The paper concludes that LLMs used in Generative Recommendation exhibit a strong tendency to rely on "one-hop memorization," limiting their ability to generalize to users whose target items are not direct successors in the training data. To address this, the authors proposed IIRG, a training strategy that incorporates collaborative and semantic neighbor generation tasks. Experiments on Amazon datasets show that IIRG reduces reliance on memorization and significantly improves recommendation performance, especially for users not covered by one-hop transitions.

7.2. Limitations & Future Work

The authors identify several limitations:

  1. Unknown Underlying Factor: While the paper identifies memorization behavior, it does not pinpoint the exact underlying cause (e.g., is it model architecture, training data, or the optimization process?). The authors note that model size alone does not explain it.
  2. Limited LLM Types: The experiments are primarily conducted using the Qwen family of models. Future work should verify if these findings hold for other LLM families like Llama or Mistral.
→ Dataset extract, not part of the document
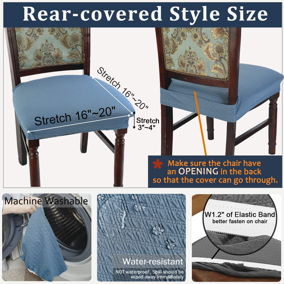 Buyue Dining Room Chair Covers Stretch Jacquard Chairs Easy Installation Upholstered Armless Chair Protectors, Rear-Covered, Set Of 6,Sky Blue

7.3. Personal Insights & Critique

  • Innovation: The paper provides a valuable diagnostic lens for LLM-based recommenders. Instead of just chasing higher metrics, it asks why the model performs well. The finding that LLMs might just be "overfitting" to transitions is crucial for the field.
  • Methodology: IIRG is an elegant solution. By framing the learning of item relations as a generative task (generating neighbors), it fits naturally into the LLM paradigm without requiring complex architectural changes.
  • Potential Issues: The method relies on constructing neighbor sets (collaborative and semantic) beforehand. For extremely large-scale catalogs (millions of items), computing and storing these neighbor lists for every item could be computationally expensive or require approximation techniques (though the paper mentions efficient retrieval using SIDs).
  • Formula Observation: In the provided text, the loss formulas for collaborative and semantic generation (Eq 2 and 3) have a negative sign in the denominator (e.g., T(nk)- \left| \mathcal{T}^{(n_k)} \right|). Mathematically, this results in a positive loss (Negative Log Likelihood), but it is a slightly unconventional notation compared to the standard 1Nlogp-\frac{1}{N} \sum \log p. This suggests a potential typo in the manuscript's LaTeX source, though the mathematical intent (averaging the negative log likelihood) is clear.